> **What you should do**: Could you retype the material, starting at its first line and ending with the line holding "The versatile Dremel", and keep the pictures out?

> **Material for this exercise**:
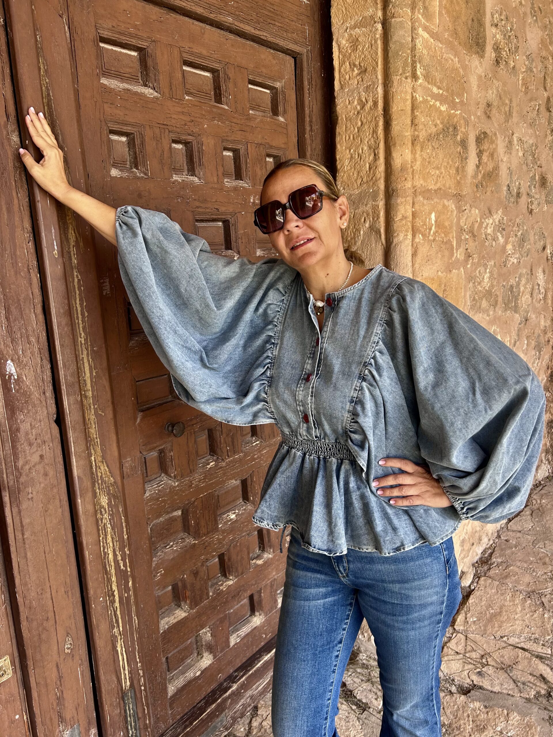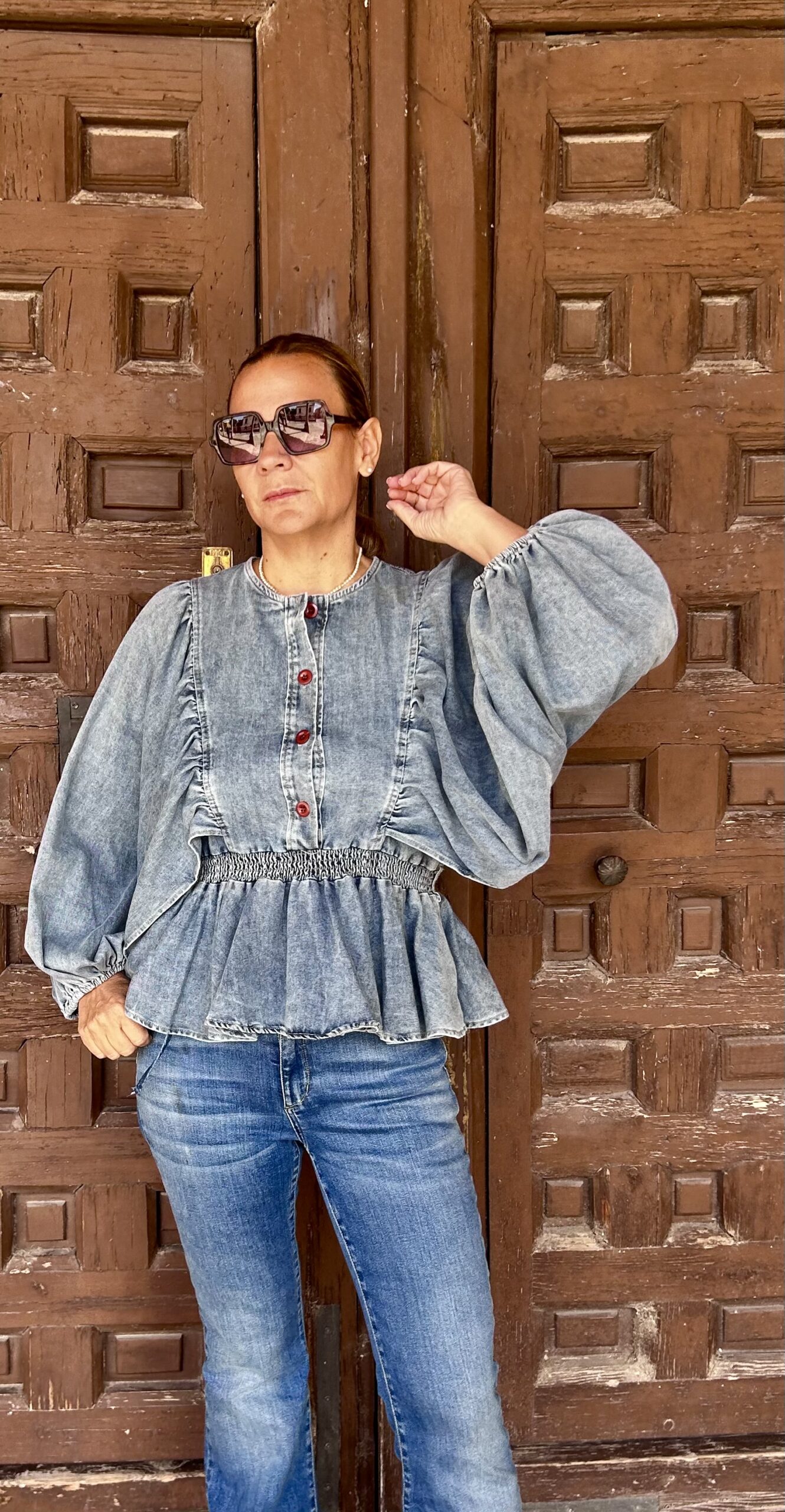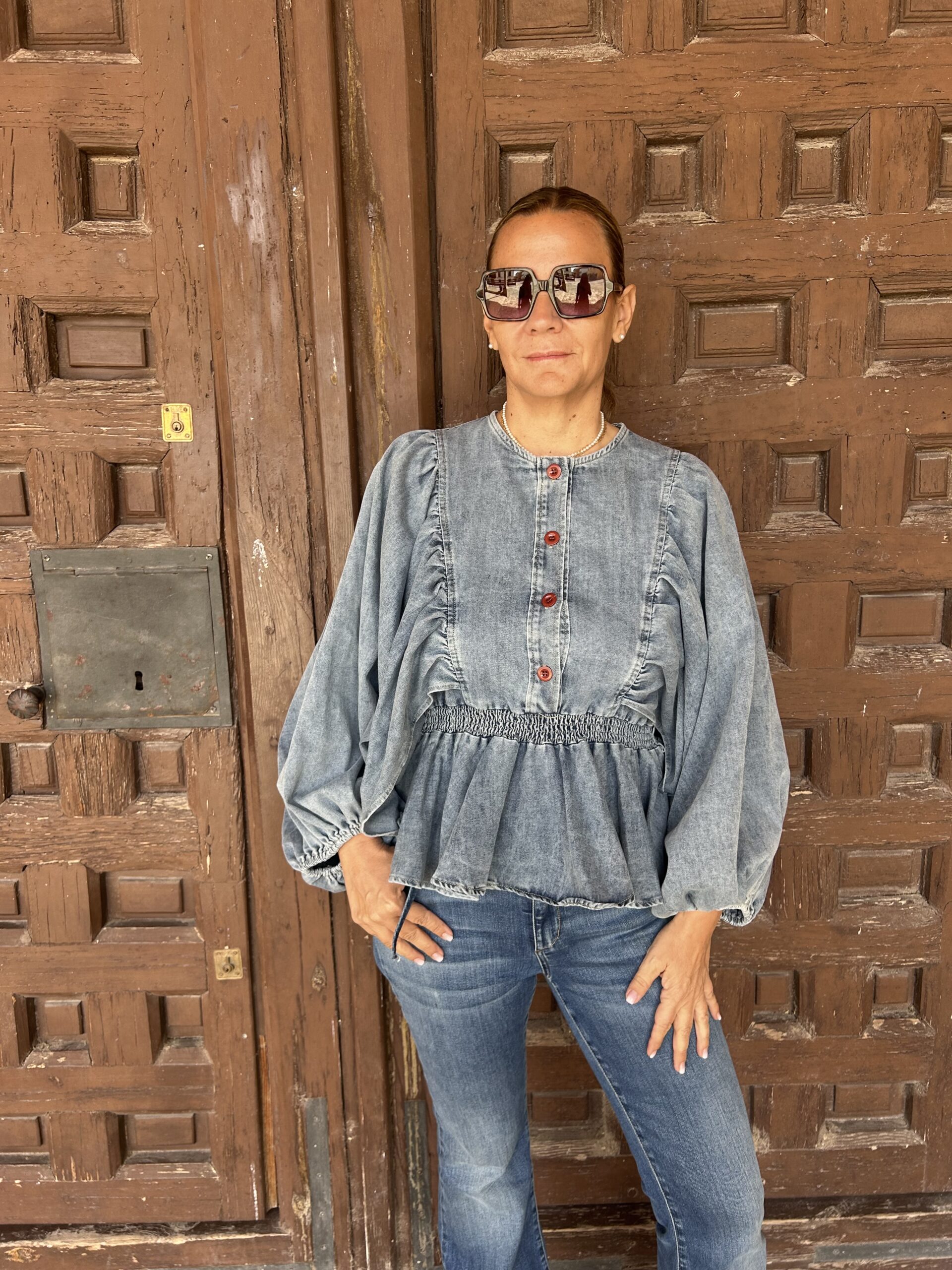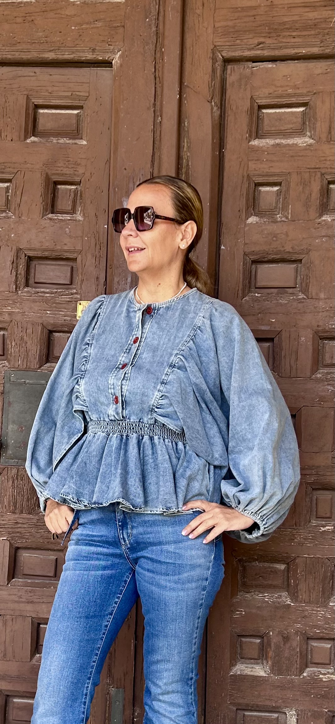 Camisa de tejido vaquero con manga tipo capa muy ancha. Cintura engomada que termina en volante. Puños engomados. Abotonada hasta debajo del pecho.
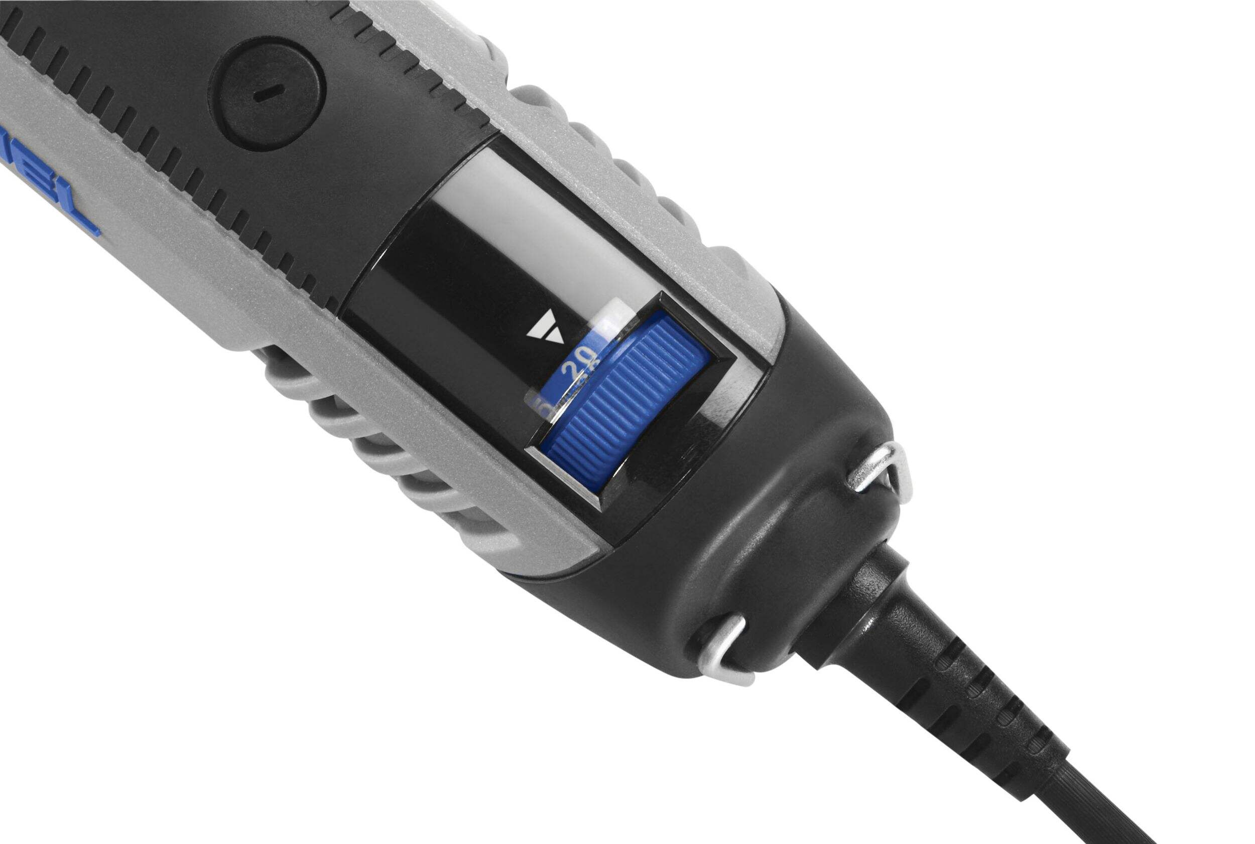 The versatile Dremel 4300-5/40 1.6A Variable Speed Rotary Tool Kit can effortlessly handle sanding, grinding, cutting and more. A keyless chuck enables quick, tool-free accessory changes, while the pivot LED light rotates to provide illumination in tight spaces. The ergonomic grip and advanced cooling system of this tool kit ensure comfortable use for extended periods of time. With a redesigned airflow system, this reliable rotary tool kit runs smoothly and quietly for efficient work.
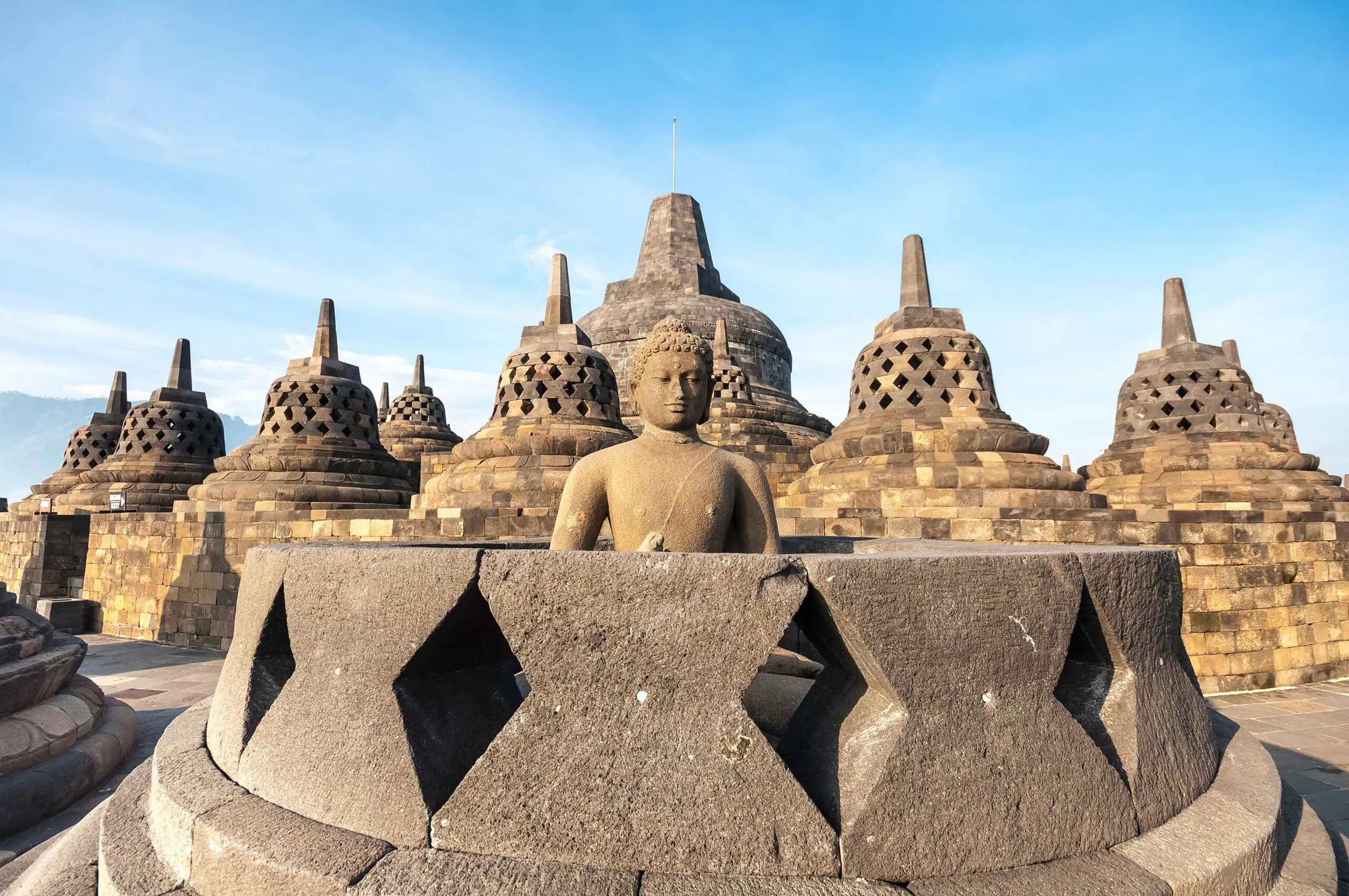 Bewundern Sie heute in der größten buddhistischen Tempelanlage der Welt, Borobudur, die kunstvollen Reliefs und die fast 500 Buddhastatuen. Anschließend besuchen Sie das Dorf Candirejo für ein authentisches Mittagessen bei einer lokalen Familie. Anschließend unternehmen Sie bequem in einer Rikscha oder Kutsche eine Fahrt durch das Dorf. Am Abend können Sie durch die Straßen schlendern und lokale Köstlichkeiten an den Straßenständen probieren. (F/M)
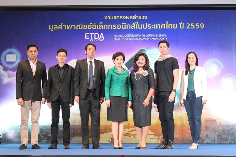 สำนักงานพัฒนาธุรกรรมทางอิเล็กทรอนิกส์ (องค์การมหาชน) (สพธอ.) หรือ ETDA (เอ็ตด้า) กระทรวงดิจิทัลเพื่อเศรษฐกิจและสังคม เปิดเผยผลการสำรวจมูลค่าพาณิชย์อิเล็กทรอนิกส์ในประเทศไทย ปี 2559 พบว่า ในปี 2558 มูลค่าพาณิชย์อิเล็กทรอนิกส์หรืออีคอมเมิร์ซ (E-Commerce) ไทย มีมูลค่ากว่า 2.24 ล้านล้านบาท ส่วนใหญ่เป็นมูลค่าอีคอมเมิร์ซประเภทธุรกิจขายให้กับธุรกิจ (B2B) 1.33 ล้านล้านบาท มูลค่าขายที่ธุรกิจขายให้กับผู้บริโภค (B2C) ประมาณ 0.51 ล้านล้านบาท และมูลค่าขายที่ธุรกิจขายให้กับภาครัฐ (B2G) ประมาณ 0.40 ล้านล้านบาท พร้อมคาดการณ์ปี 2559 จะเติบโตแบบก้าวกระโดด 12.42% มูลค่ารวมสูงถึง 2.52 ล้านล้านบาท ETDA ดำเนินการสำรวจมูลค่าอีคอมเมิร์ซอย่างต่อเนื่องมาจนถึงครั้งนี้ เพื่อเก็บรวบรวมข้อมูลสถิติมูลค่าอีคอมเมิร์ซในประเทศไทยให้มีความครอบคลุมและเป็นที่ยอมรับในระดับสากล ซึ่งจะช่วยให้หน่วยงานภาครัฐและภาคเอกชน ตลอดจนผู้มีส่วนเกี่ยวข้องในห่วงโซ่อีคอมเมิร์ซของไทย สามารถนำไปใช้อ้างอิงหรือเปรียบเทียบ รวมถึงใช้ประกอบการวางนโยบาย จัดทำแผนบริหารจัดการเชิงกลยุทธ์และกำหนดแผนการดำเนินธุรกิจ ทั้งในระดับองค์กรและระดับประเทศ ให้สอดคล้องกับสภาพแวดล้อมทางการตลาดที่เปลี่ยนแปลงไป ซึ่งจะช่วยพัฒนาธุรกิจอีคอมเมิร์ซให้สามารถแข่งขันได้อย่างมีประสิทธิภาพและยั่งยืน ทั้งในระดับภูมิภาคและระดับสากล คุณสุรางคณา วายุภาพ ผู้อำนวยการ…salinee tintumrong | 3393 days ago
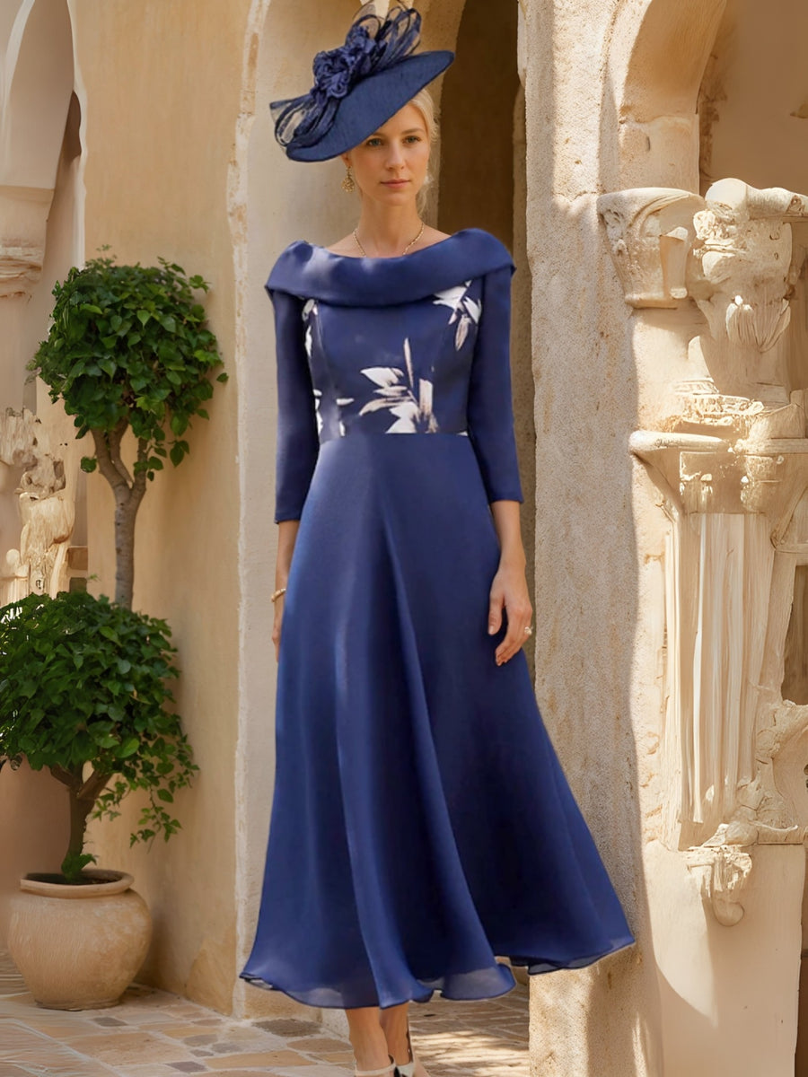 A-Line/Princess Chiffon Ankle-Length 1/2 Sleeves Scoop Mother of the Bride Dresses
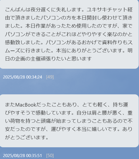 PCを受け取った方からは以下のような声が寄せられました。
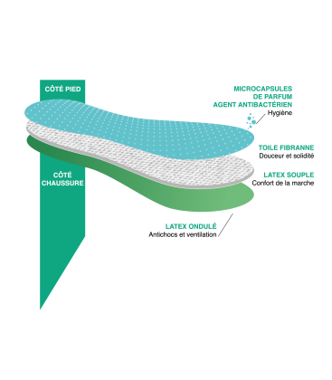 - Ces semelles contiennent des agents biocides : nitrate d’argent 1.5g/kg
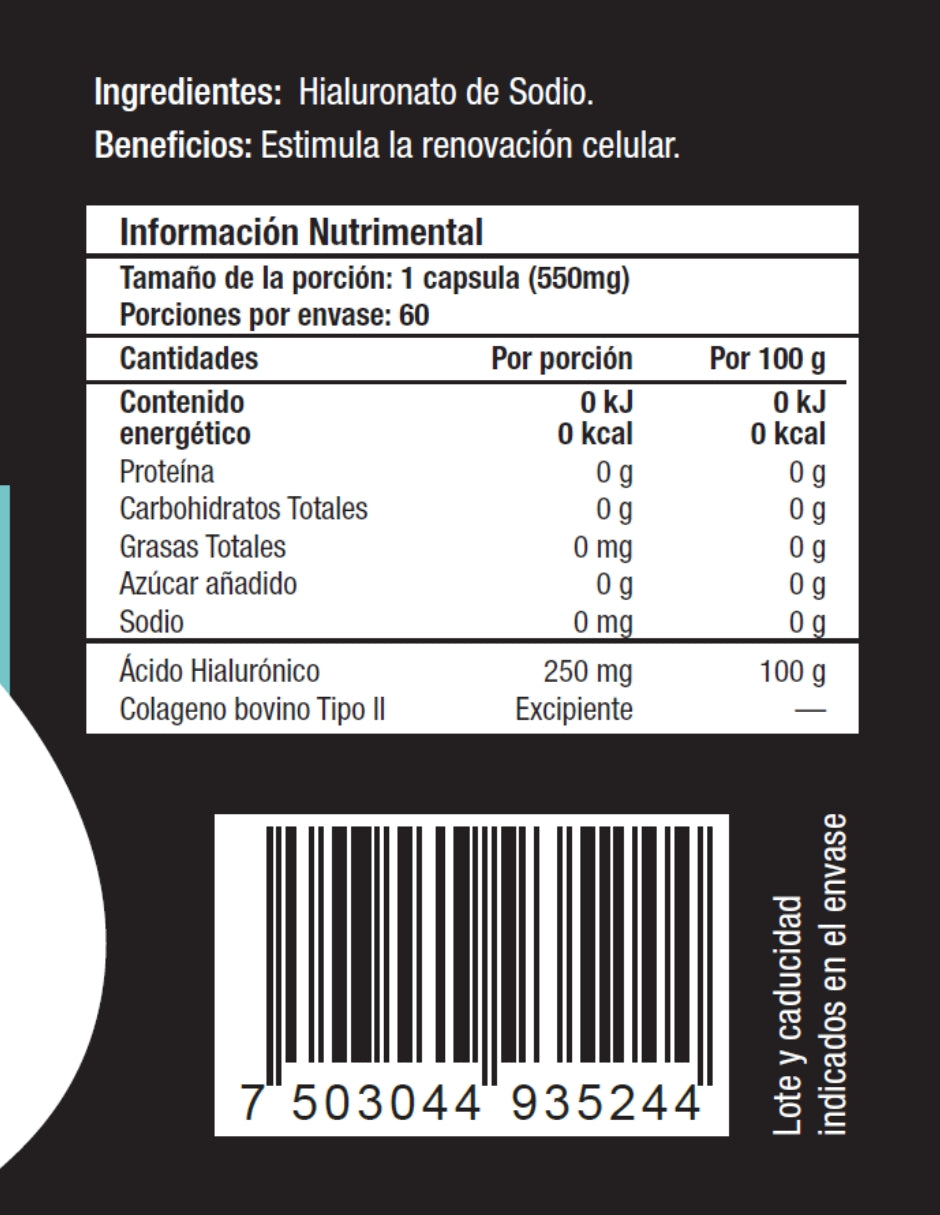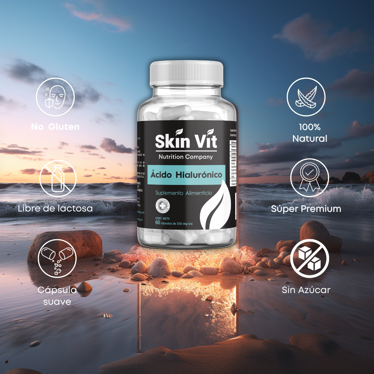 Skin Vit Nutrition Company - Super Premium Health presenta el Ácido Hialurónico en un formato de 60 Cápsulas.

> **Output for this exercise**:
 Camisa de tejido vaquero con manga tipo capa muy ancha. Cintura engomada que termina en volante. Puños engomados. Abotonada hasta debajo del pecho.
 The versatile Dremel 4300-5/40 1.6A Variable Speed Rotary Tool Kit can effortlessly handle sanding, grinding, cutting and more. A keyless chuck enables quick, tool-free accessory changes, while the pivot LED light rotates to provide illumination in tight spaces. The ergonomic grip and advanced cooling system of this tool kit ensure comfortable use for extended periods of time. With a redesigned airflow system, this reliable rotary tool kit runs smoothly and quietly for efficient work.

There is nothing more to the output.